Build the sandbox template

Build a Superserve template with Python and the Anthropic SDK pre-installed. Sandboxes created from this template boot in under 50ms - no image pull or package install at session time.

import { Template } from "@superserve/sdk"

const template = await Template.create({
  name: "claude-managed-agent",
  from: "python:3.12-slim",
  vcpu: 2,
  memoryMib: 2048,
  steps: [
    {
      run:
        "apt-get update && apt-get install -y --no-install-recommends " +
        "curl git jq procps && rm -rf /var/lib/apt/lists/*",
    },
    { run: "pip install --no-cache-dir anthropic" },
    { run: "mkdir -p /workspace /mnt/session/outputs" },
    { workdir: "/workspace" },
  ],
})

await template.waitUntilReady({
  onLog: (ev) => {
    if (ev.stream !== "system") process.stdout.write(ev.text)
  },
})

from superserve import Template, RunStep, WorkdirStep

template = Template.create(
    name="claude-managed-agent",
    from_="python:3.12-slim",
    vcpu=2,
    memory_mib=2048,
    steps=[
        RunStep(run=(
            "apt-get update && apt-get install -y --no-install-recommends "
            "curl git jq procps && rm -rf /var/lib/apt/lists/*"
        )),
        RunStep(run="pip install --no-cache-dir anthropic"),
        RunStep(run="mkdir -p /workspace /mnt/session/outputs"),
        WorkdirStep(workdir="/workspace"),
    ],
)

template.wait_until_ready(
    on_log=lambda ev: print(ev.text, end="")
    if ev.stream.value != "system"
    else None,
)

Run this once. The template persists in your Superserve account and every session reuses it.

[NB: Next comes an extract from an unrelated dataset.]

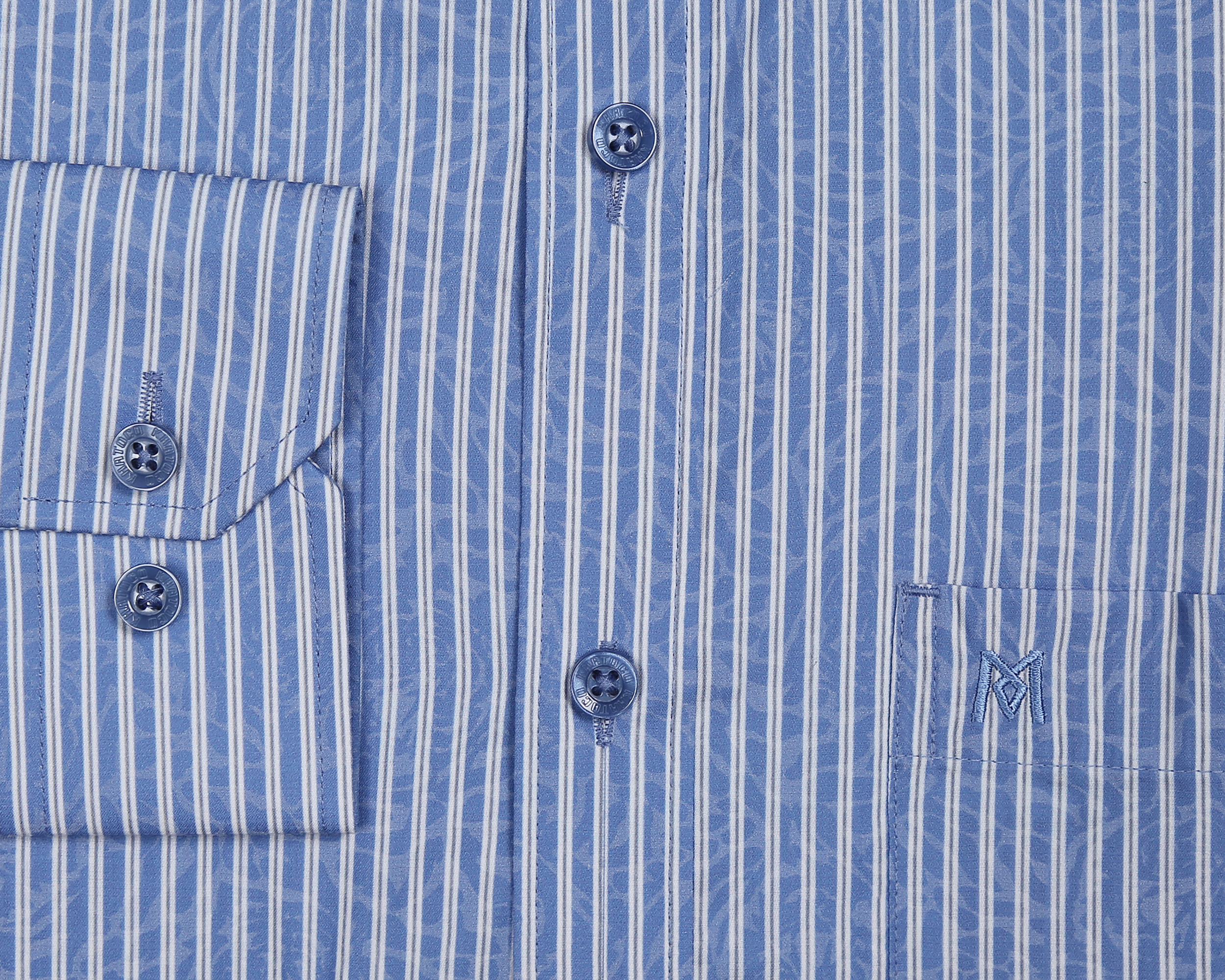 Thành phần : 85%Polyester-15% Viscose Phom dáng : Tailor Fit Màu sắc : BLUE Kiểu dáng : TAY DÀI Hoa văn : HOA VĂN Áo sơ mi tay dài lai bầu, suông vừa ,

Add any runtimes, system packages, or internal tools your agent needs to the template’s build steps. The snapshot captures the full filesystem, so sandboxes inherit everything without install cost at session time.

Write the in-sandbox runner

The runner is a small Python script that the orchestrator starts inside each sandbox. It calls Anthropic’s handle_item(), which attaches to the session event stream, executes tool calls (bash, read, write, edit, glob, grep) against the sandbox, heartbeats the work-item lease, and stops cleanly on exit.

runner.py

import asyncio
import os
from anthropic import AsyncAnthropic


async def main():
    environment_key = os.environ["ANTHROPIC_ENVIRONMENT_KEY"]
    async with AsyncAnthropic(auth_token=environment_key) as client:
        await client.beta.environments.work.worker(
            environment_key=environment_key,
            workdir="/workspace",
        ).handle_item()


asyncio.run(main())

handle_item() reads ANTHROPIC_SESSION_ID, ANTHROPIC_WORK_ID, and ANTHROPIC_ENVIRONMENT_ID from environment variables automatically. The orchestrator sets all four when it launches the runner.

Run the orchestrator

The orchestrator long-polls Anthropic’s work queue, ensures a Superserve sandbox is running for each session, and launches the runner inside it. For multi-turn sessions it reuses the same sandbox, resuming from a paused state if needed - preserving the agent’s filesystem and in-memory state across turns.

import Anthropic from "@anthropic-ai/sdk"
import { Sandbox } from "@superserve/sdk"
import { readFileSync } from "node:fs"

const environmentKey = process.env.ANTHROPIC_ENVIRONMENT_KEY!
const environmentId = process.env.ANTHROPIC_ENVIRONMENT_ID!
const runner = readFileSync("runner.py", "utf8")

const client = new Anthropic({ authToken: environmentKey })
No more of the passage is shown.